November 7, 2014
Authored by: Kathy Sherby and Stephanie Moll
The provisions of IRC § 408 do permit investment of IRA assets in any kind of asset other than those specifically prohibited, such as life insurance and collectibles. Therefore, it was somewhat reasonable for Guy Dabney to conclude that he could invest his IRA account assets in real estate. However, the Tax Court in Dabney v. Commissioner took Mr. Dabney to task for failing to follow the terms of the IRA Account Agreement that governed his IRA.
In this case, Dabney wanted to use his IRA assets to purchase a piece of undeveloped land in Utah that he considered to be priced below its fair market value. So he did what a lot of us do when we want to learn something new—he went to the Internet. Based on his Internet research, Dabney concluded that IRAs were permitted to invest in real property.
Dabney was smart enough to know that he should delve further in his research than just the Internet. Next, he contacted his CPA, who told him that he didn’t have any training in retirement account rules, but based on Dabney’s research confirmed that he could invest IRA assets in real property.

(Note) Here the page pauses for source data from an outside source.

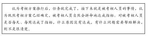 :也就是绩效考核还要抓工序的交接,还要抓产品的清尾。因为尾数不解决,货就给不了客户,最后也没有办法算你的业绩。所以人力资源部做考核的人,他们是不会想这些的,他们的思想是不会往这个方面延伸的。所以为什么很多企业一搞考核管理人员就反对,原因就在这里。但是人力资源经理可能会觉得考核是必需的,但他仅仅把它当作一个管控动作,他不知道其实搞绩效考核牵扯到非常多的细节化的现场改善,甚至需要对生产过程进行梳理,要做大量的基础工作。实际上,单独由人力资源经理来做绩效考核是做不好的。
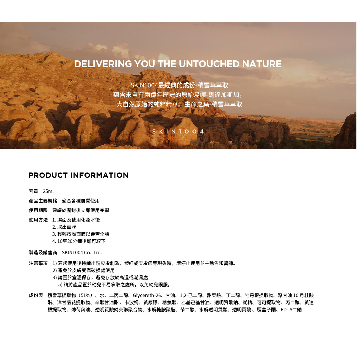 品名:SKIN1004理膚天使 馬達加斯加積雪草-水凝精華面膜 25ml 1片
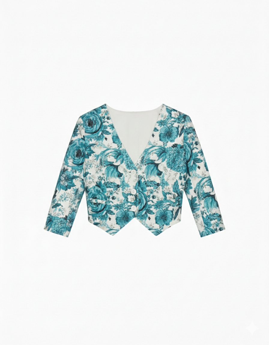 A silk waistcoat top blooming with quiet florals, paired with a fluid silk skirt that moves like wind across open fields. Graceful, grounded, and poetic—crafted for moments that feel both free and deeply feminine.
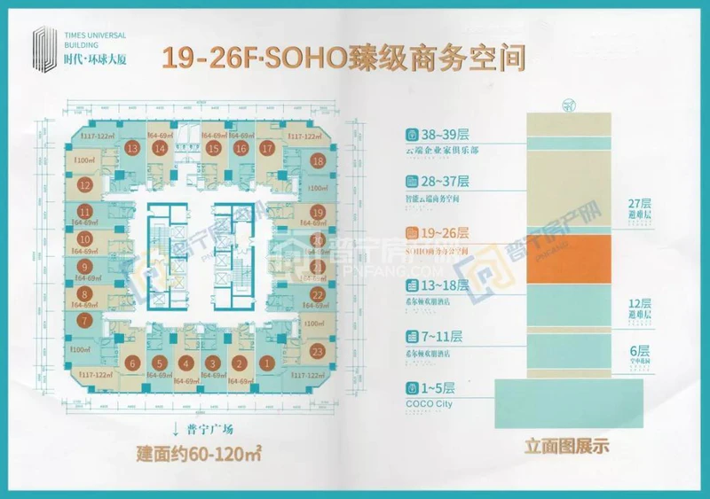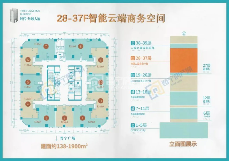 时代·环球大厦占据普宁绝对中心的黄金地段,集休闲、购物、娱乐等生活配套于一体,汇聚互联网、金融等各大高端行业,擎领普宁的商业发展脉络,未来潜力不可限量。180米高度粤东现楼第一高,刷新粤东天际线,17米挑高大堂、10部高速电梯,LOW-E中空玻璃幕墙等配置,营造尊贵、奢华、舒适、高效的办公环境,打造粤东区域甲级写字楼新标杆。

Here’s where Dabney went wrong, however.
Dabney was told by a Charles Schwab customer service representative that Charles Schwab did not permit investment in alternative investments such as real property in their IRA accounts. Schwab would, however, follow Dabney’s direction to wire the funds to the title company.
Dabney instructed the title company to title the real property in the name of the Guy M. Dabney Charles Schwab & Co. Cust. IRA, and initiated a withdrawal of $114,000 from his IRA to be wired to the title company to close on the purchase of the property. Dabney did not consider this to be a taxable withdrawal.

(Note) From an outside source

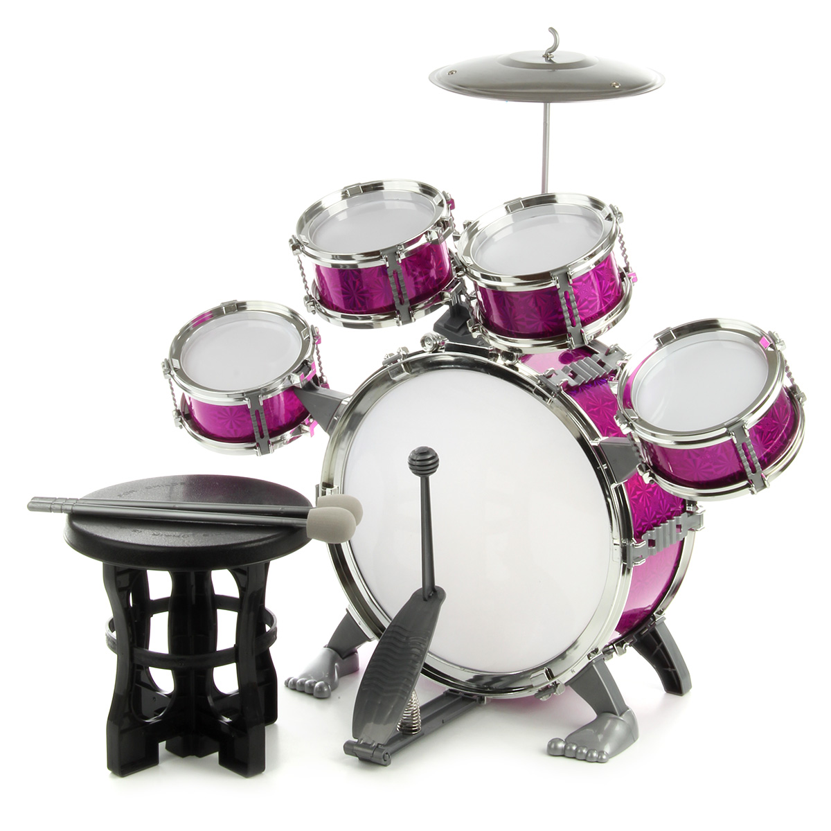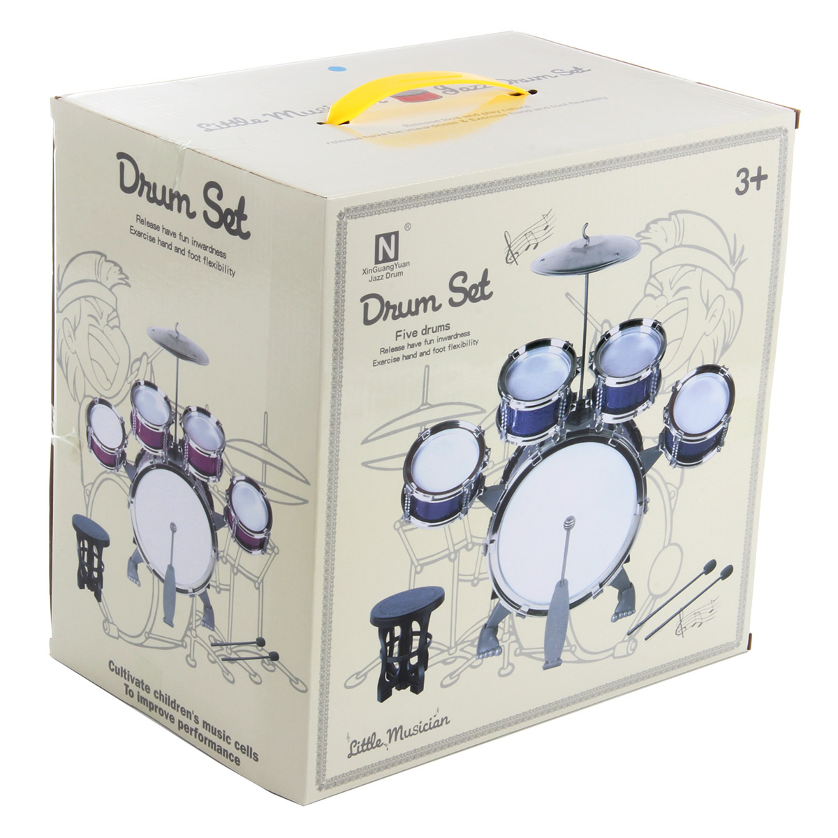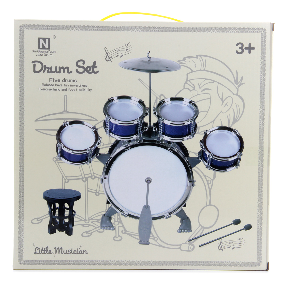Барабанная установка - шикарный подарок каждому маленькому музыканту. Качественное исполнение, наличие большого количества элементов, роскошный внешний вид - эта игрушка понравится каждому ребенку. В комплект входят барабанная установка, табуретка, барабанные палочки. Табурет разбирается. Игра на барабанах способствует: - развитию чувства ритма, координации движений, мелкой и крупной моторики; - улучшению мышечных рефлексов; - тренировке физической выносливости, ловкости и сноровки; - развитию артистических способностей. Барабанная установка легко собирается и разбирается, занимает мало места в разобранном виде. Обязательно порадуйте ребенка такой потрясающей игрушкой. Игрушка изготовлена из качественных и безопасных полимерных материалов и металла. Размеры собранной барабанной установки: 56*32*52 см. Размеры бочки: 30*13*30 см. Размеры рабочего барабана: 13*7*13 см. Размеры палочки: 25*3*3 см. Размеры табуретки: 19*19*19 см. Размеры чайны: 19*19*2 см. Длина педальки для ноги: 14 см. Размеры коробки: 30*21*

Due to a bookkeeping error, the property was accidentally titled in Dabney’s own name. As soon as Dabney discovered the error, he contacted the title company and corrected this “error”.

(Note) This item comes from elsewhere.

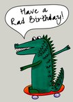 Featuring an illustration of a crocodile riding a skateboard with a speech bubble above its head on a light grey coloured background.
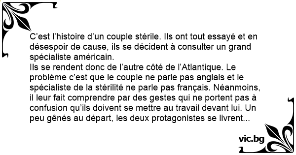 Ils se rendent donc de l’autre côté de l’Atlantique. Le problème c’est que le couple ne parle pas anglais et le spécialiste de la stérilité ne parle pas français. Néanmoins, il leur fait comprendre par des gestes qui ne portent pas à confusion qu’ils doivent se mettre au travail devant lui. Un peu gênés au départ, les deux protagonistes se livrent donc à un ébat sexuel devant le spécialiste mondial des problèmes de fécondité. Il commence alors à inspecter le couple sous toutes les coutures pendant 4 à 5 minutes puis crie STOP ! Et il s’engouffre alors dans son bureau et rédige une ordonnance qu’il remet au couple. Les deux amoureux sont soulagés, certains que le grand professeur a trouvé un remède à leur incapacité folle de procréer. De retour en France, ils s’empressent d’aller à la pharmacie et monsieur demande :

When Dabney received the Form 1099-R from Schwab (which Dabney does not recall receiving), he did not include the withdrawal as income on his tax return. The IRS audited his return and issued a deficiency for failure to pay the tax on his $114,000 withdrawal used to purchase the Utah property.
Dabney argued that he had not really made a withdrawal of these funds, but rather acted as a conduit through which the property was purchased in his Schwab IRA. While § 408 authorizes real property to be held in an IRA, Charles Schwab had a policy prohibiting alternative investments in their IRA accounts, and the Code does not require the IRA trustee or custodian to give an IRA owner the option to invest in such property.
IRA custodians have broad latitude to determine what investments are acceptable in their IRA accounts and can prohibit investment in certain types of assets even though otherwise acceptable investments in IRAs generally.
Because of Schwab’s rules, Dabney could not have acted as a conduit to invest in the Utah property in his Schwab IRA. Further, Dabney could not simply title property in the name of the IRA without having that property managed inside the IRA by Schwab as the IRA custodian. Dabney’s investment in the Utah property was outside of his IRA and his withdrawal from his IRA to complete that purchase was a taxable withdrawal subject to income taxation in the year of the purchase.
But wait, it gets worse for Dabney. In addition to being taxable income, the distribution was also subject to the 10% additional tax because Mr. Dabney was under age 59 ½.
Luckily for Dabney, the Tax Court refused to uphold the 20% accuracy penalty on the return because Dabney honestly believed that the investment was inside his IRA. It is ok for the taxpayer to have an inflated view of his sophistication as an investor and of his tax knowledge, as long as he honestly believed, in good faith, that he was right.
Lessons to be learned from poor Dabney:
(1) Don’t believe everything you read on the internet.
(2) Don’t rely on the advice of a CPA who says he is not familiar with the tax rules applicable to retirement benefits.
(3) When your IRA custodian tells you the account does not permit certain investments, believe them. The IRA account agreement of the IRA custodian always controls the rules applicable to the IRA accounts the IRA custodian administers.